**What the task asks**
The whole listing should be retyped word for word, apart from the pictures it holds.

**Data below**
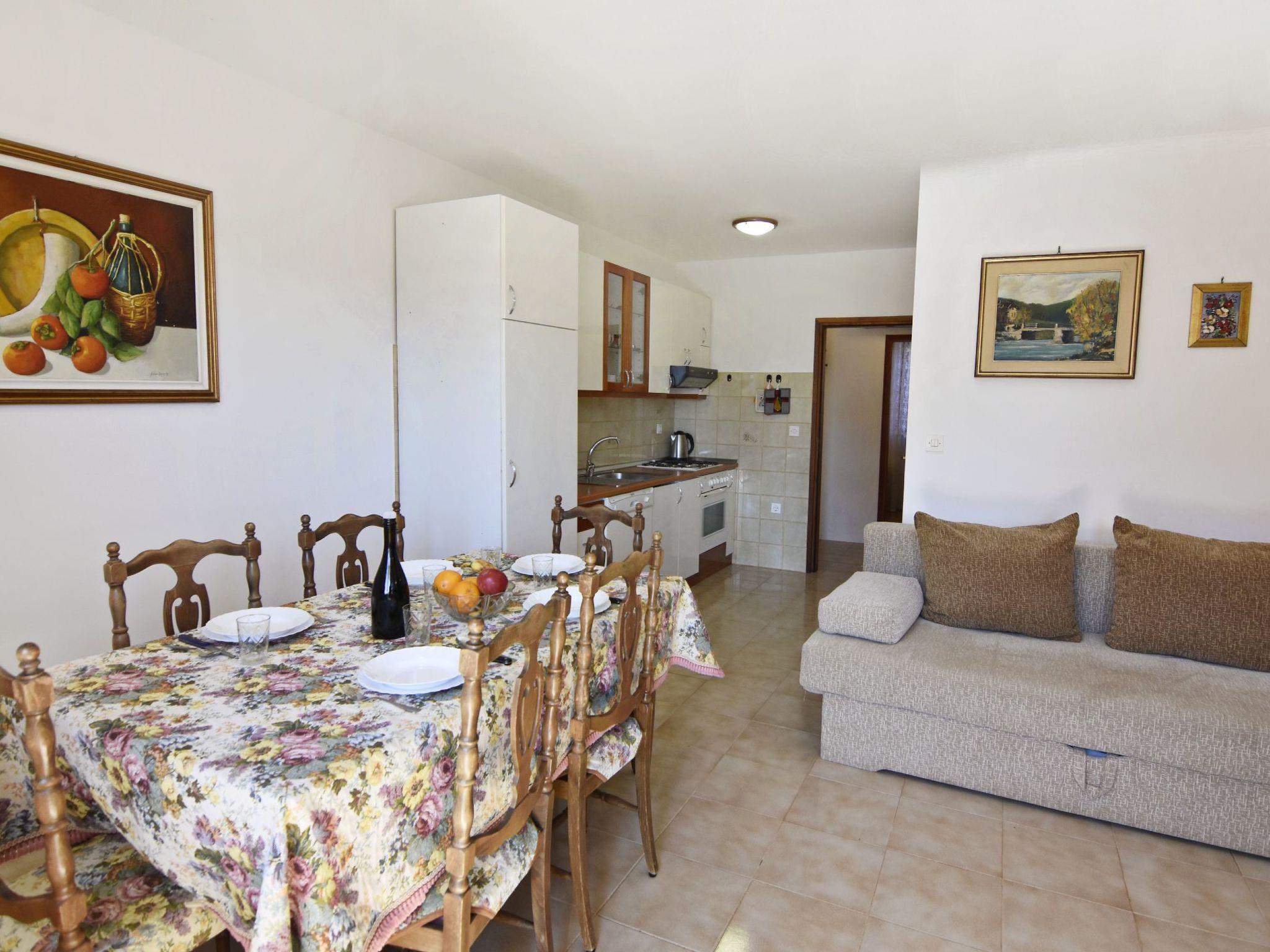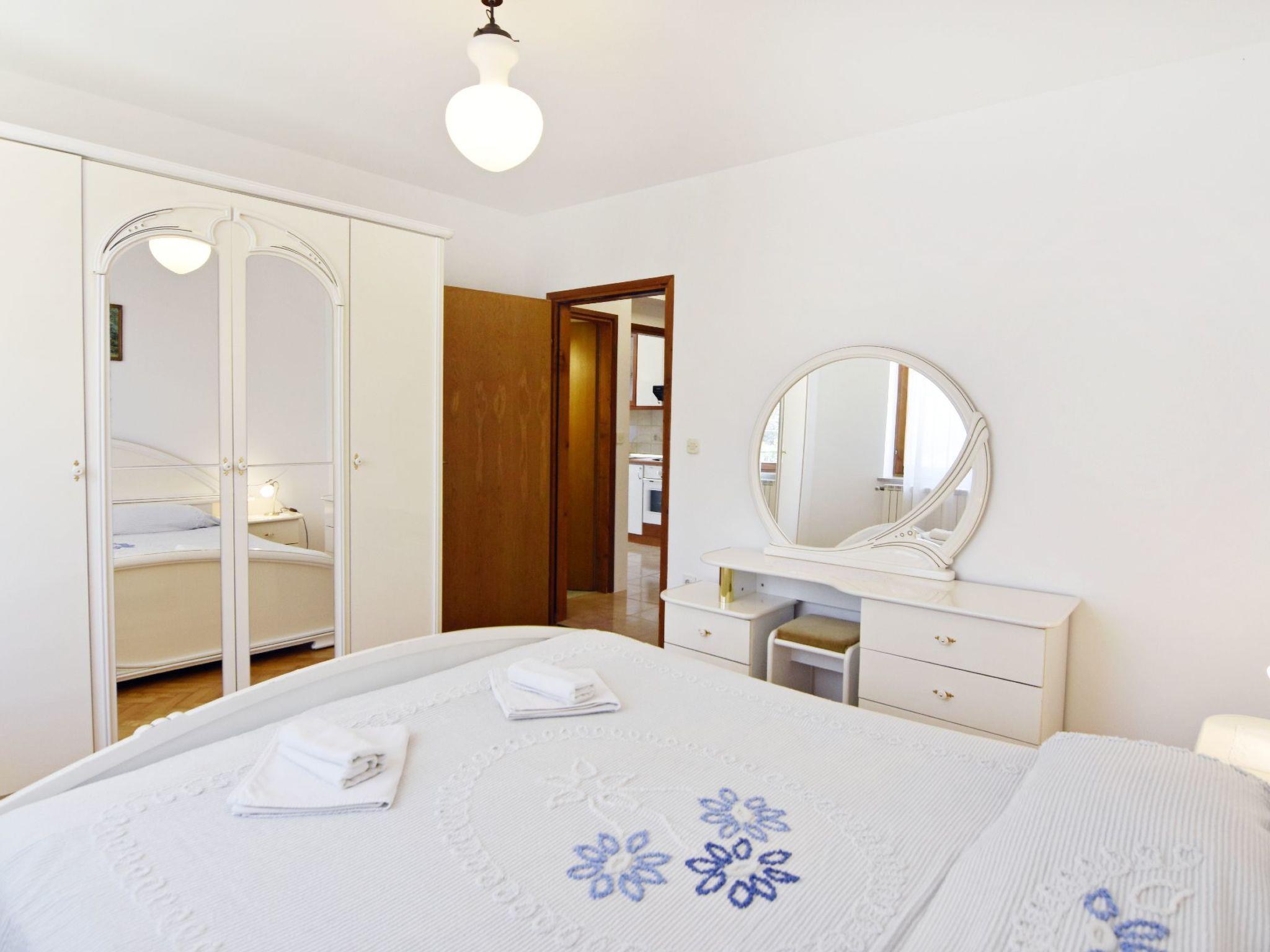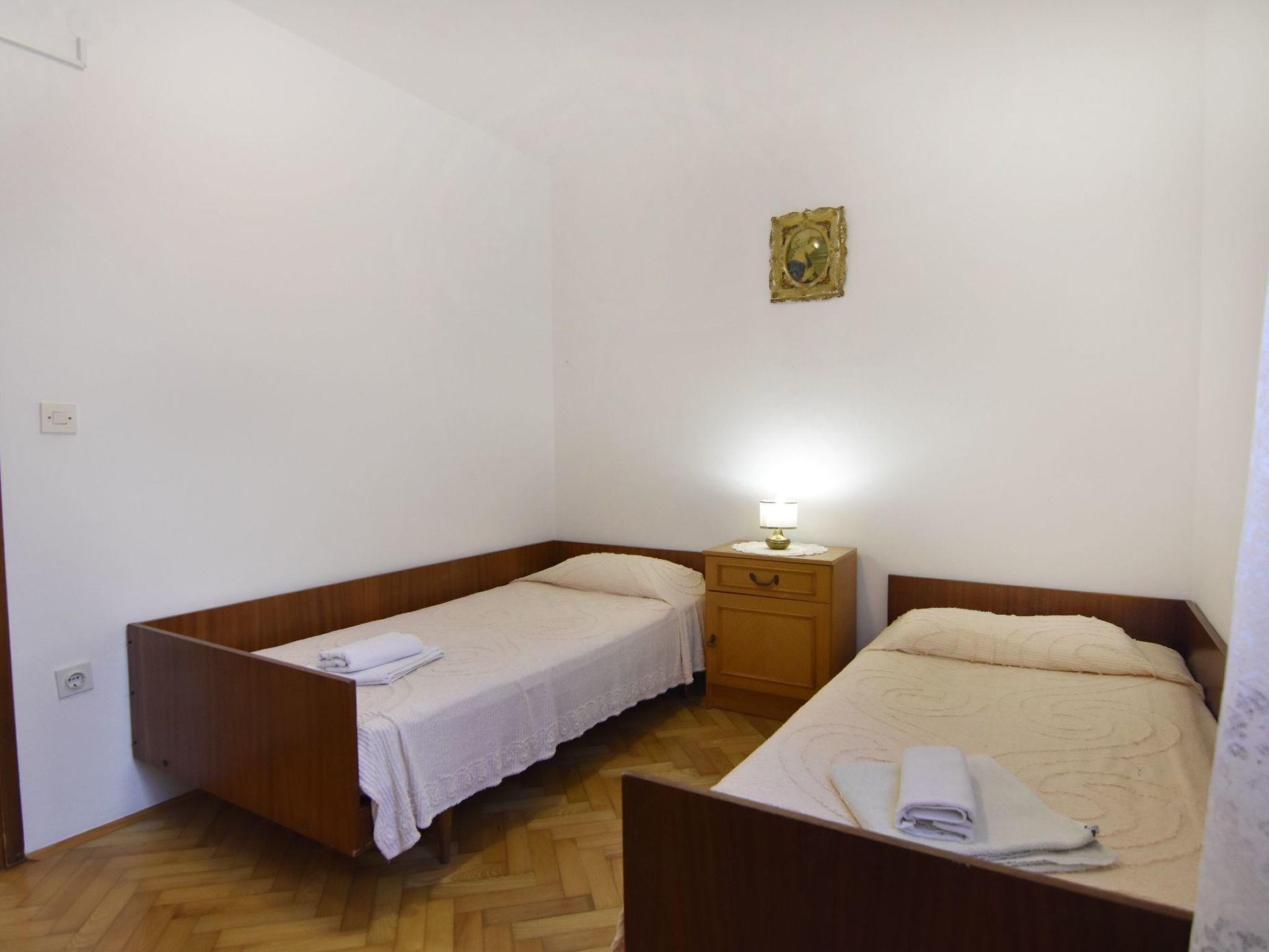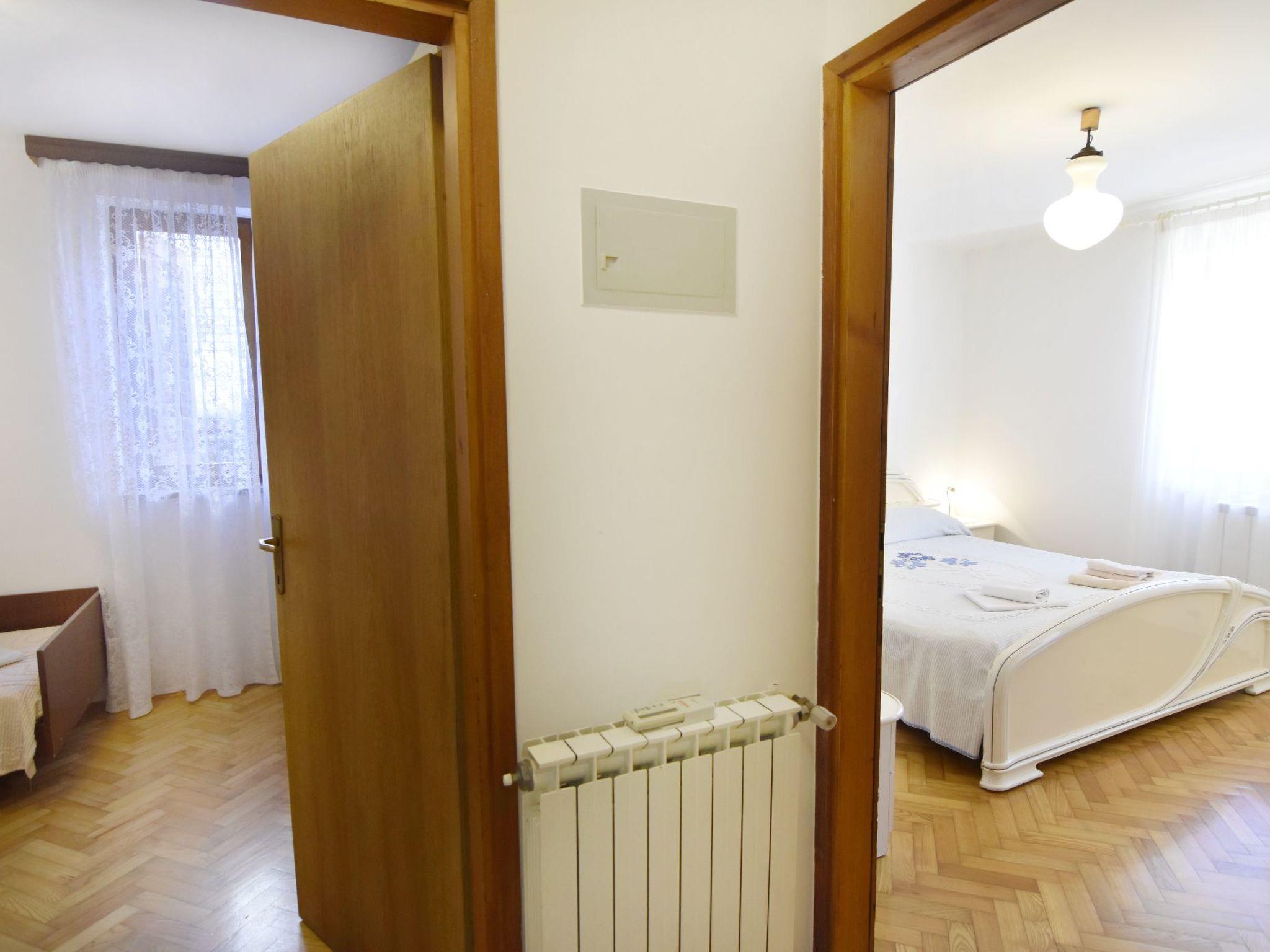 The apartment has a bedroom with a double bed 160x200, two bedside tables with night lamps, cabinet with mirror, wardrobe, the second bedroom with two single beds 80x200, wardrobe, bedside table with lamp, bed linen is provided (changed weekly) , the bathroom with bathtub, bidet, washing machine, sink with cabinet and mirror, two bath towels per person are provided (changed weekly). The living area with equipped kitchenette, refrigerator with freezer area, coffee machine, kettle, dishwasher, oven, stove with three gas burners and an electric hob, extractor hood, kitchen utensils. The dining corner with dining table and 5 chairs, the living corner with sofa bed, kitchen cabinet, flat-screen satellite TV, free Wi-fi internet connection, air conditioner, exit to the terrace. The terrace furnished with table and chairs, portable barbecue for shared use available. Free private parking near the house.
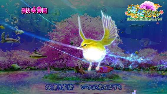 リーチ後のボタンPUSHでは基本的に泡or魚群が発生。当然、魚群の方が期待できる。ボタンPUSHで夜桜全回転リーチへ発展することも!
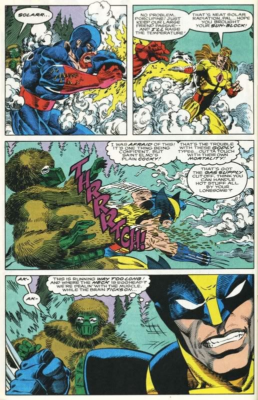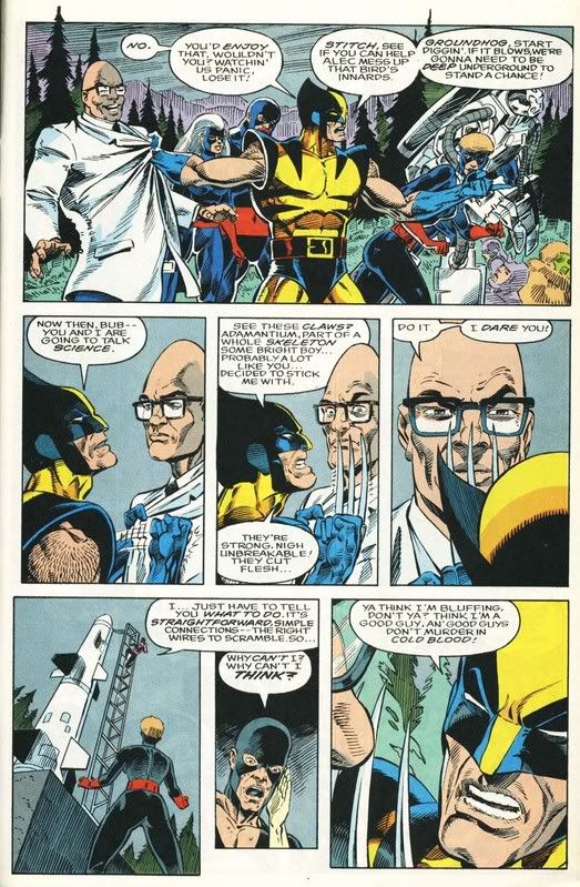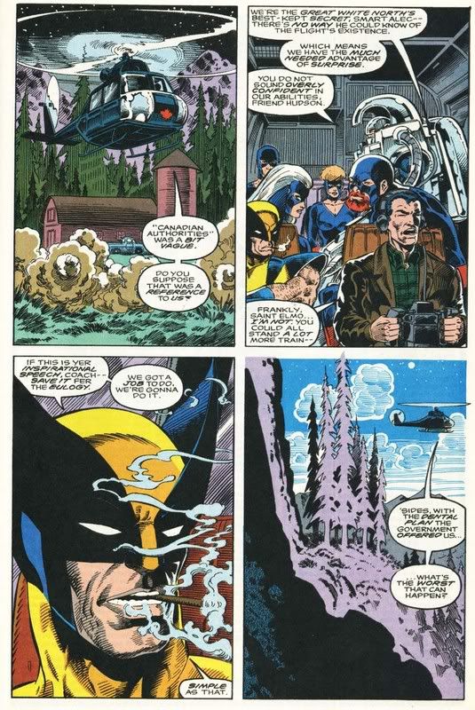 First Flight: Training Alpha Flight Special #1: First Flight-Here is the team that was made before ALpha Flight was formed. It was led by none other than Wolverine. Here the inexperienced team spars being watched closing by Wolverine and James Hudson

**Result for this exercise**
 The apartment has a bedroom with a double bed 160x200, two bedside tables with night lamps, cabinet with mirror, wardrobe, the second bedroom with two single beds 80x200, wardrobe, bedside table with lamp, bed linen is provided (changed weekly) , the bathroom with bathtub, bidet, washing machine, sink with cabinet and mirror, two bath towels per person are provided (changed weekly). The living area with equipped kitchenette, refrigerator with freezer area, coffee machine, kettle, dishwasher, oven, stove with three gas burners and an electric hob, extractor hood, kitchen utensils. The dining corner with dining table and 5 chairs, the living corner with sofa bed, kitchen cabinet, flat-screen satellite TV, free Wi-fi internet connection, air conditioner, exit to the terrace. The terrace furnished with table and chairs, portable barbecue for shared use available. Free private parking near the house.
 リーチ後のボタンPUSHでは基本的に泡or魚群が発生。当然、魚群の方が期待できる。ボタンPUSHで夜桜全回転リーチへ発展することも!
 First Flight: Training Alpha Flight Special #1: First Flight-Here is the team that was made before ALpha Flight was formed. It was led by none other than Wolverine. Here the inexperienced team spars being watched closing by Wolverine and James Hudson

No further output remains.